* _Data block_:

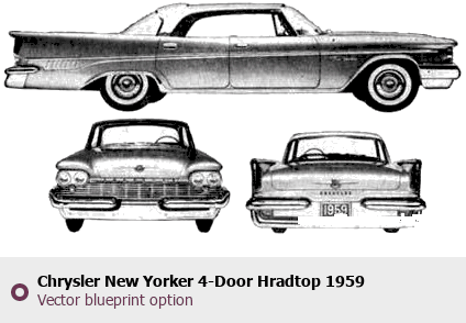 Raster blueprint of the 1959 Chrysler New Yorker 4-Door Hradtop Tag. This free downloadable image can be used for graphic projects, digital design, and 3D modeling. The file provides accurate exterior proportions of the vehicle. Model year: 1959. Body type: Tag.
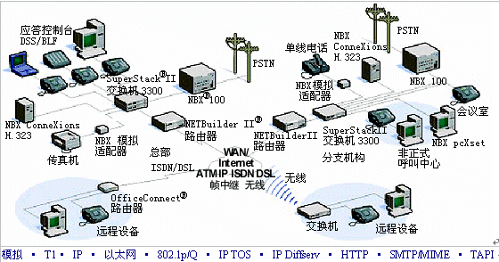 使用標準多協(xié)議路由器,諸如3Com PathBuilder或NET Builder II路由器,您能夠通過廣域網(wǎng)或Internet將多個分支機構與您的總部系統(tǒng)相連接。您可以隨意選擇網(wǎng)絡: 支持工業(yè)標準Internet協(xié)議(IP)聯(lián)網(wǎng)的DSL、電纜、幀中繼或ISDN。您甚至能夠通過使用3Com NBX ConneXtions H.323網(wǎng)關應用,來充分利用低成本、高質量的IP語音 (VoIP) H.323服務。因為NBX ConneXtion使用Internet作為長途線路上本地到本地的撥號路徑,因此它能夠以極低的成本提供傳統(tǒng)電話專用線路和后端分機(OPX)線路的優(yōu)勢。
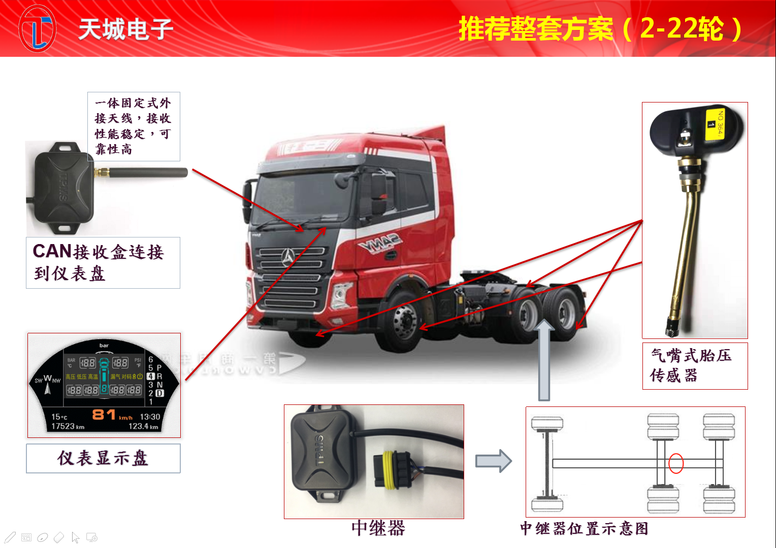 從2輪到22輪的所有輕卡,客車(chē),大巴,中巴,旅游客車(chē),重型卡車(chē),工程車(chē),礦車(chē),等TPMS無(wú)線(xiàn)胎壓監(jiān)測(cè)的解決方案。

* _Exercise requirements_:
Only what runs from the line with "使用標準多協(xié)議路由器,諸如3Com PathBuilder或NET Builder" through the last line of the listing above belongs in the answer, set down exactly and free of pictures.

* _Written answer_:
 使用標準多協(xié)議路由器,諸如3Com PathBuilder或NET Builder II路由器,您能夠通過廣域網(wǎng)或Internet將多個分支機構與您的總部系統(tǒng)相連接。您可以隨意選擇網(wǎng)絡: 支持工業(yè)標準Internet協(xié)議(IP)聯(lián)網(wǎng)的DSL、電纜、幀中繼或ISDN。您甚至能夠通過使用3Com NBX ConneXtions H.323網(wǎng)關應用,來充分利用低成本、高質量的IP語音 (VoIP) H.323服務。因為NBX ConneXtion使用Internet作為長途線路上本地到本地的撥號路徑,因此它能夠以極低的成本提供傳統(tǒng)電話專用線路和后端分機(OPX)線路的優(yōu)勢。
 從2輪到22輪的所有輕卡,客車(chē),大巴,中巴,旅游客車(chē),重型卡車(chē),工程車(chē),礦車(chē),等TPMS無(wú)線(xiàn)胎壓監(jiān)測(cè)的解決方案。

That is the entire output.